4 Responses to “A response to Mr. Greenfield”

  1. Out in the Twitterverse, Mr. Greenfield rightly points out that he didn't e-mail me when Shirky was invited. That's true [narrowly so as it turned out, see next comment], and I've apologized for my own confusion (there was another person who did). He claims not to have attacked the LII. I haven't said that he did so. I would rather say that he is so vehement on the subject of laypeople commenting on the law as to appear to thoroughly disagree with one of the bedrock assumptions we make, which is that non-lawyers can read and understand it. I don't claim to be able to make fine distinctions between responsible and irresponsible commentary on the law or on the outcome of particular cases. But I certainly would not claim, as Mr. Greenfield's framing of the issues would lead us to believe, that all non-lawyer commentary on the law is the work of irresponsible ignoramuses who read BoingBoing. There are a good many irresponsible ignoramuses, and some no doubt read BoingBoing, while others prefer the National Review, Popular Mechanics, or the United States Constitution.

    Over here in the disgrace-to-Cornell corner, we subscribe to Entertainment Weekly and the Economist, with occasional forays into American Theater, Opera News, and the liner notes to loud and incoherent electric jazz albums from the mid-70's. Sadly, we can't seem to get over the habit of commenting on things, including the laws that we are expected to obey. Things would be so much more orderly if we could.

  2. The following is the text of an email message sent by Mr. Greenfield to our communications director on 19 September. It was subsequently forwarded to me. It does not mention Mr. Shirky by name.
    ====================

    ---------- Forwarded message ----------
    From:
    Date: Wednesday, September 19, 2012
    Subject: Re: Greetings from the Legal Information Institute (LII).
    To: wjl27@cornell.edu

    Paul,

    Noting that the email was sent out to a broad spectrum of the
    blawgosphere, I'm sure some of its recipients, those inclined to use
    press releases as fodder for lack of substance, will be happy to
    promote your conference. I write back for a different reason.

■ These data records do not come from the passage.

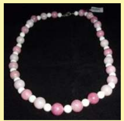
Rhoda Teplow's African Pink Opal Necklace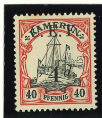
Mi.7 / SG.B7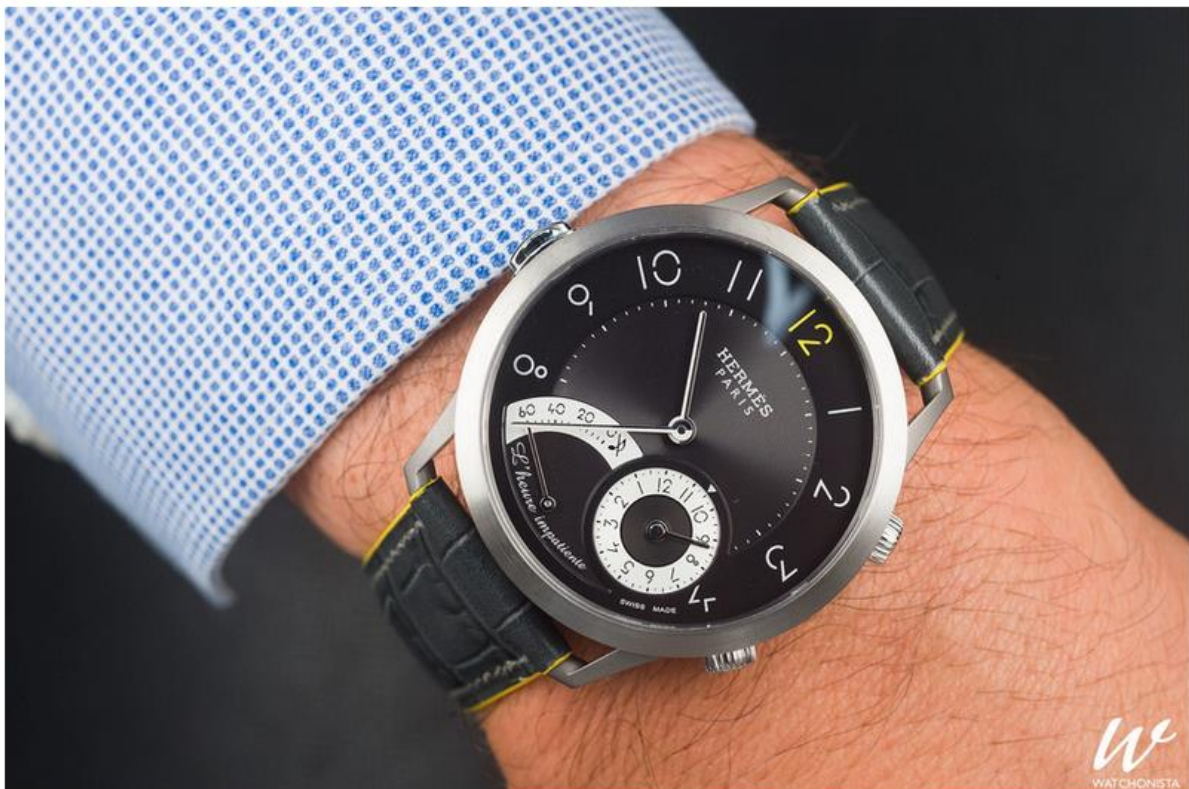
Hermès Slim d'Hermès l'Heure Impatiente for Only Watch 2017

    As a blawger and Cornel alumnus, I very much appreciate this
    initiative, and applaud it. Yet, reading your press release, I'm
    deeply disturbed by the inability to distinguish between those who are
    substantive contributors to technological advancement of the law and
    social media charlatans. Some of your presenters are nothing more than
    self-proclaimed tech gurus who push every hare-brained scheme around,
    often dangerous and frequently in conflict with ethical obligations.

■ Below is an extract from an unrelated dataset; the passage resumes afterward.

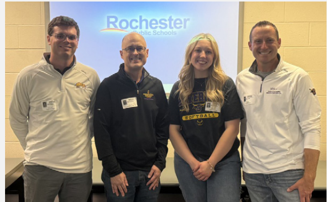
Visit to Century High School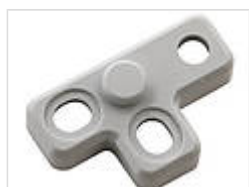
Wall brackets, screw-on at rear

    I also note that you don't have a single practicing lawyer presenting.
    There will not be a single voice speaking to the constraints and
    issues that go hand in hand with the benefits of open technology. It
    appears you've been taken in by the cheerleaders, and lack any grasp
    of the problems. What a shame.

    If I was to write about your conference, it would be decidedly
    negative. Out of respect for the good your project does, I will not be
    critical. However, your conference reflects a seriously troubled
    direction.

    Scott Greenfield
    ILR '79
    Simple Justice

  3. To anyone who attended the conference, this Luddite's off-color trollery didn't merit a response, but I still appreciated this thoughtful expression of common sense from Tom.

  4. I'm not even quite sure what the complaint is that he's lodging. As best as I can tell, he's angry that people who are not lawyers sometimes become concerned about legal matters that are out of their depth, something something something, Clay Shirky sucks. And I'm pretty sure he's arguing that it's "not so fine" for people to "understand [the law] and use it without need to pay for lawyers," which is an awfully convenient perspective for an attorney. I recall the Catholic Church taking a similar perspective on the Bible in the 1500s, something something something, The Reformation.

    I think that Clay has occasionally been guilty of hand-waving to deal with logical disconnects in his theses (I recall accusing him, some years ago, of believing that the news will be reported by magic news gnomes), but no such hand-waving was on display on this occasion.